Congress is bound to protect private rights and business, but not to embark in it, or divulge whaling, fishing, manufacturing, and scientific arcanas. I have heard bitter complaints of the congressional whaling revelations, because stirring up uncalled-for competition. This apropos.

Patriotic and well-informed statesmen established our Union, and organized the federal government on sound principles, leaving the organization of the municipal affairs to their posterity. But their place is now occupied by speculators in politics. Are only "hard times" raising patriotic men? Is the flower patriotism not perennial, but only centennial?
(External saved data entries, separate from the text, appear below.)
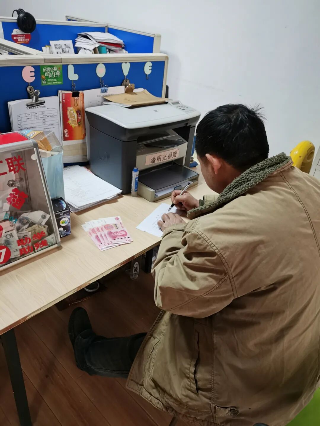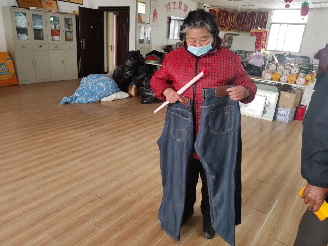 又一个义工联长期帮助的家庭来义工联送感谢信,顺便为孙子领取了两条新的牛仔裤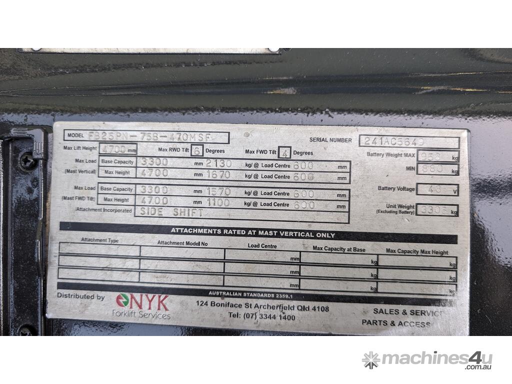 The Nichiyu FB25 is a powerhouse electric forklift with a 2500 kg capacity, perfect for handling heavy loads with ease. With its impressive 4.7m triplex mast and side shift feature, this forklift offers maximum maneuverability and efficiency in any warehouse setting. Trust in the Nichiyu FB25 to elevate your operations to new heights.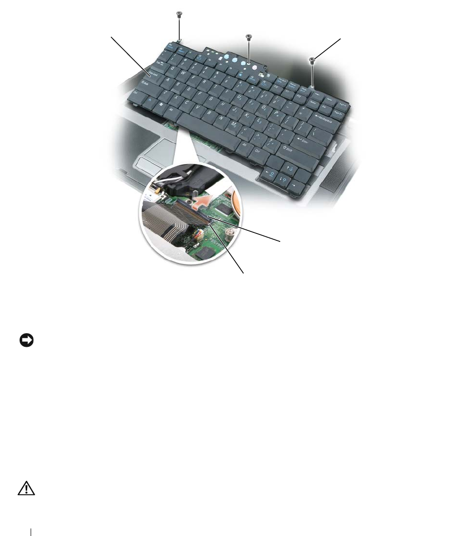 HINWEIS: Um ein Zerkratzen der Handballenstütze beim Einsetzen der Tastatur zu vermeiden, hängen Sie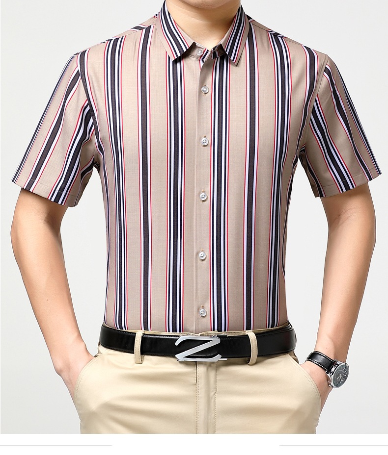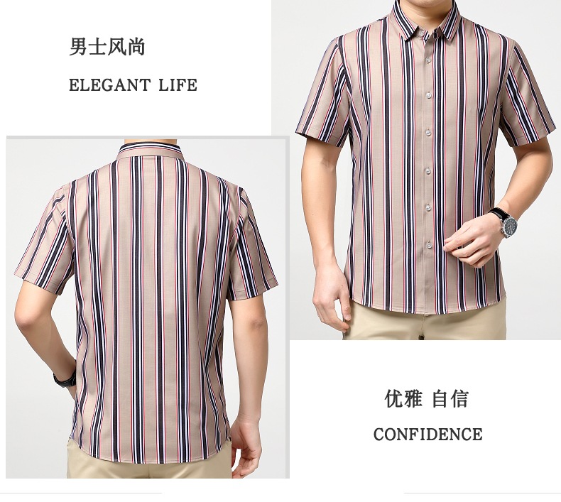 가벼운 럭셔리 브랜드 하이 엔드 뽕나무 실크 남성 셔츠 여름 주름 방지 스트라이프 비즈니스 캐주얼 플러스 사이즈 남성 반팔 셔츠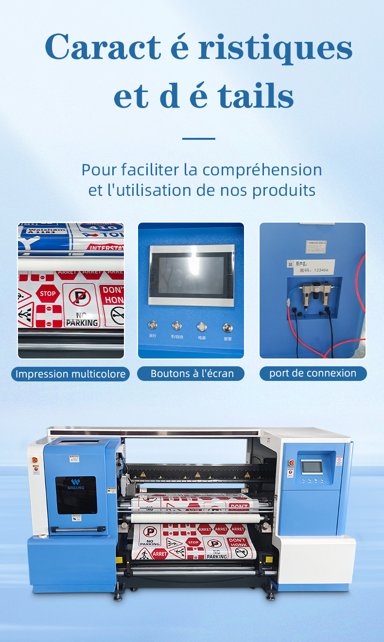 • Tête d’impression haute vitesse exclusive : Équipée d’une tête d’impression unique de 1,3 m de large, fonctionnant avec quatre couleurs simultanément, cette imprimante de panneaux de signalisation routière répond aux divers besoins d’impression de tous types de panneaux de signalisation routière.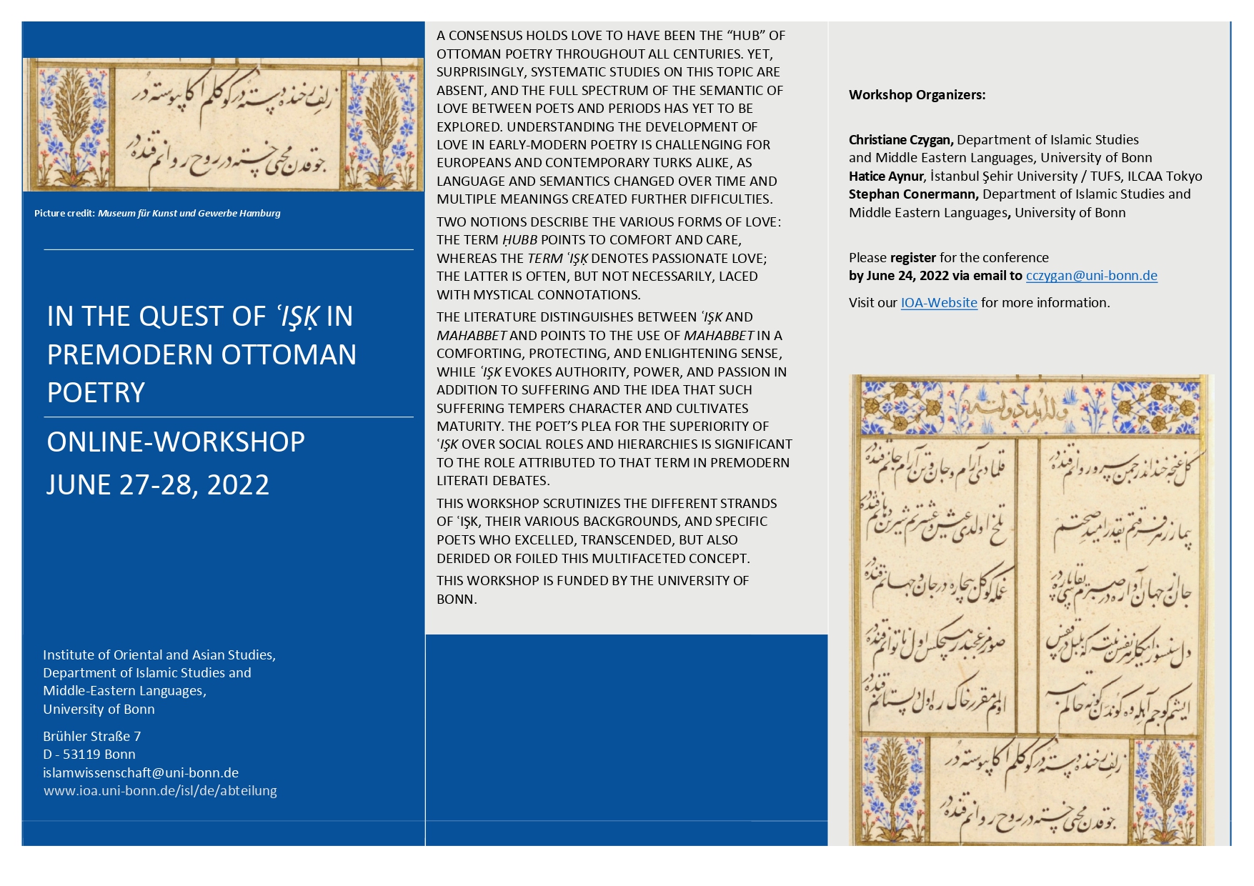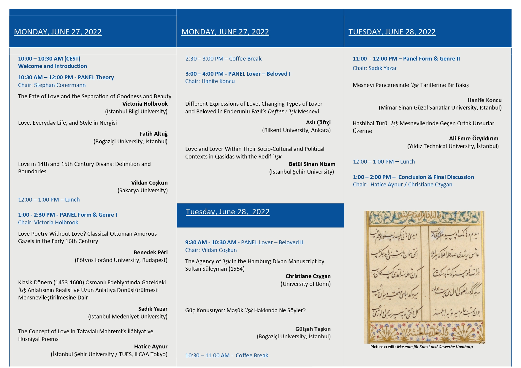Bölüm hocalarımızdan Fatih Altuğ'un "Love, Everyday Life and Style in Nergisi" ve Gülşah Taşkın'ın "Güç Konuşuyor: Maşûk 'Işk Hakkında Ne Söyler?" başlıklı bildileriyle katkıda bulunacağı atölye Bonn Üniversitesi'nin ev sahipliğinde 27-28 Haziran 2022'de gerçekleşecek. Katılım için 24 Haziran'a kadar cczygan@uni-bonn.de adresine e-posta göndererek kaydolmanız gerekmektedir. Etkinlik programını aşağıda bulabilirsiniz.
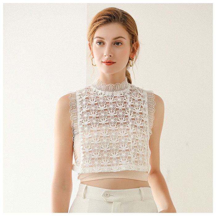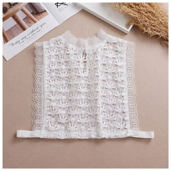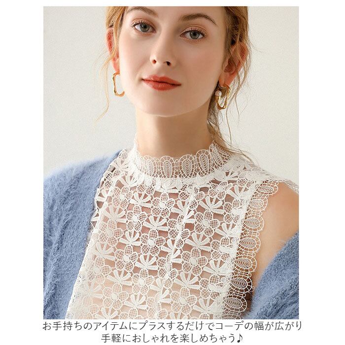 ・レース素材×花柄の刺繍がおしゃれな、スタンドカラーデザインの付け襟♪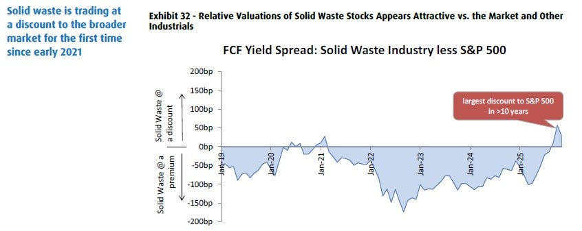 Now let’s talk valuation. The free cash flow yield spread of solid waste companies versus the S&P 500 is extremely important. The sector is trading at its largest valuation discount to the index in more than a decade. Investors are being paid significantly more in free cash flow to own a core industrial services subsector than to own the market. That’s been very rare outside of major stress or mispricing regimes.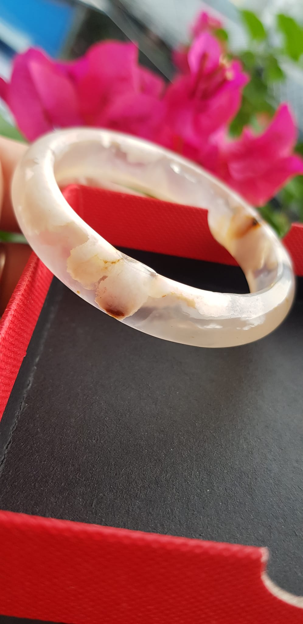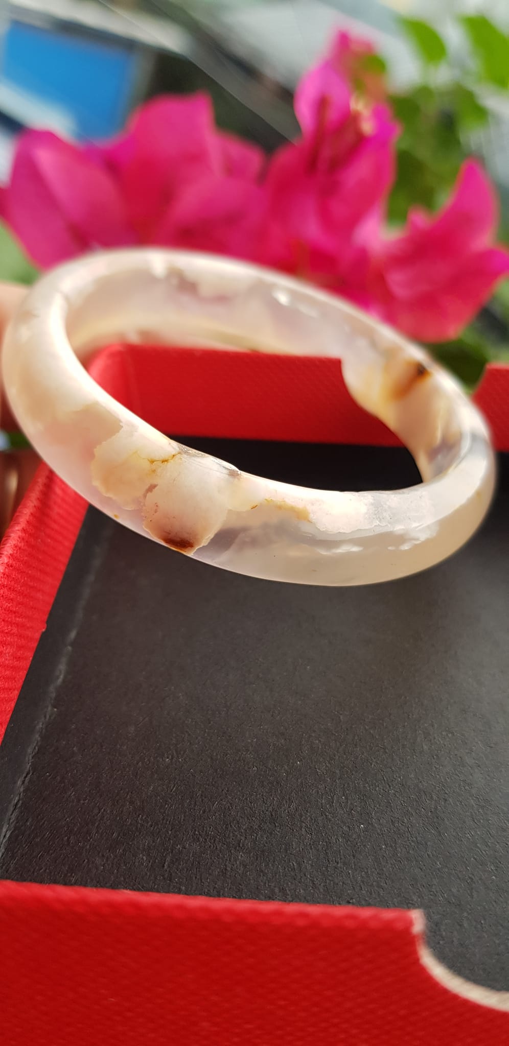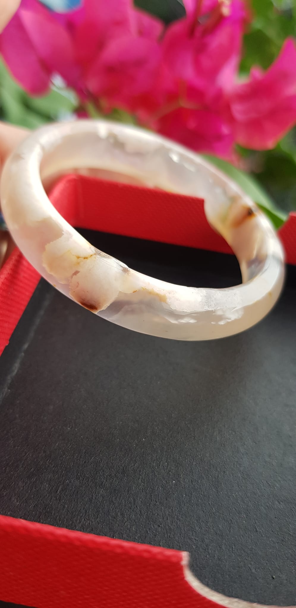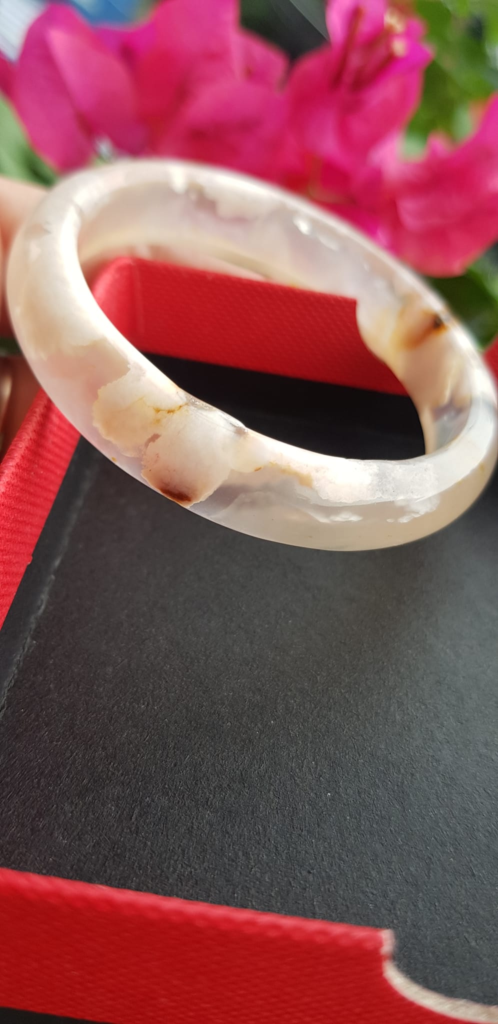 Vòng đeo tay Nữ Bản Hẹ Đá Mã Não Hoa Rau Câu Vòng tay Ni 53mm x Cao 10mm x dầy 7mm bóng đẹp Nữ 50kg - 53kg đeo xinh màu hoa nhẹ nhàng rất

They well know that the genuine political business, especially that belonging to the states, is not very lucrative, except the salaries are high and afford a chance for accumulation. The pretext for them is that talent is scarce and very high in price; that new offices are required for certain business, as for compromising or

conciliation, insolvencies, banks, railroads, etc., which may be by the ordinary officials attended to as well. But their most successful operations consist in manufacturing bogus political business, which they do by drawing free social business into the sphere of states, for which purpose they even break down constitutional town, county, or city organizations, and consolidate them, as they call this operation, to get larger spheres for monopolizing gas and railroad companies, and all kinds of contracts and jobs beyond the possibility of a control by the people. These tactics are the cause of exorbitant taxes, debts, and inevitable.corruption. Badlygoverned New York city alone, consequently, pays as much in city taxes as a respectable well-managed kingdom in Europe in state taxes. To stem, now, this wrong current in public affairs so detrimental to society, I beseech you, and all men and women, to learn and understand well exactly what is political business and what is not.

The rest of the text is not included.